The Mission vineyards.

Viticulture has been one of the most dramatic “growth” industries in Santa Barbara County for the last 30 years. In 1970, less than 200 acres were planted in grapes. By the mid 1990s, this figure had reached some 10,000 acres. This most dynamic of industries had its beginnings with the arrival of the Spanish in the 1780s.

The Spanish introduced winemaking to the New World shortly after Hernán Cortés completed the conquest of the Aztecs in 1521. Although there are several varieties of grapes native to the Americas, none were found suitable for the production of wine. So the Spanish imported vitis vinifera shoots from Europe to begin an infant wine industry. The motivation behind this effort was largely religious; wine is a key ingredient in the holy sacrament in Roman Catholicism.

When the Spanish began to move into Alta California in the late 1700s, they brought vitis vinifera with them. Exactly when this occurred remains unclear; it was perhaps as early as the 1769 Gaspar de Portolá expedition, although the first mention of vineyards in Alta California is a reference to Mission San Juan Capistrano in 1779.

Whatever the exact date, it is clear that the focus of wine production in Spanish California was the mission system. All 21 missions, including Santa Barbara, La Purísima, and Santa Inés, planted vineyards. The largest vineyard in the system was at Mission San Gabriel, which had some 164,000 vines in the early 1840s. The second largest producer among the missions was Santa Barbara, with around 12,000 vines producing about 6,000 gallons of wine.

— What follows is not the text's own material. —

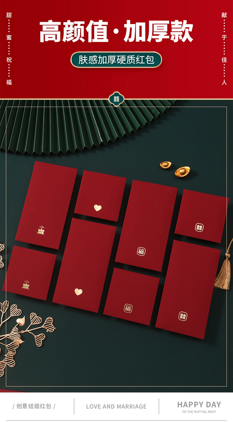新款简约肤感红包情人节个性化创意红包袋生日快乐福字结婚利是封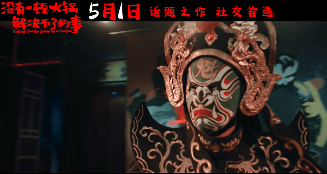 尤其是川剧人物,包括鼓上蚤时迁、包公、关公等经典戏曲角色,不断地破坏着「火锅现场」。

The grape that was cultivated during this period was known as the mission grape. The fruit was high in sugar and low in acid, producing a very sweet wine. The missions also produced aguardiente, a form of brandy. The quality of these California products varied greatly and was not to everyone’s taste. One visitor, George Simpson, had some very unkind things to say about California wine on the occasion of his visit in 1842, although he did praise the product from the vineyard of Mission Santa Barbara. Another commentator was quite complementary about the aguardiente produced here.

Production techniques varied. In one, hides were placed upon a piece of sloping ground. As Chumash laborers stomped on the grapes, the juice running off the lower end of the hides was caught in jars and transferred to wooden casks to ferment. For smaller batches, grapes were placed in a cowhide bag, which was compressed. The juice remained in this bag to ferment and then was consumed fairly soon after.

Besides a small planting at the mission itself, Mission Santa Barbara had three vineyards, the largest of which was near San José Creek in the Goleta Valley. What remains of the winery there is a Santa Barbara County Landmark. The presidio had its own small vineyard in the area of present-day Carrillo and De la Vina streets. The name of the latter was taken from this vineyard.

In the mid 1800s, as the mission system crumbled, private production became ever more important. Many of the large ranchos had vineyards, including a number in the Santa Ynez Valley. On this side of the mountains, Nicholas Den maintained an impressive vineyard at Rancho Dos Pueblos. According to the 1860 federal census, Santa Barbara County, which also included present-day Ventura County, ranked third in wine production in the state—more than 10,000 gallons. This was dwarfed by production in the leading county, Los Angeles, which totaled more than 150,000 gallons.

As the 20th century dawned, Santa Barbara County was home to a small, but not insignificant, wine industry. Major wine production in the state had shifted to northern California, and it would not be until the 1960s that a few entrepreneurs would pioneer the renaissance of viticulture in the county.

As of 2009, the wine industry in Santa Barbara County generated some $360 million and produced more than a million cases of wine yearly. Viticulture is a major component of Santa Barbara County’s economy, just as it was more than 150 years ago.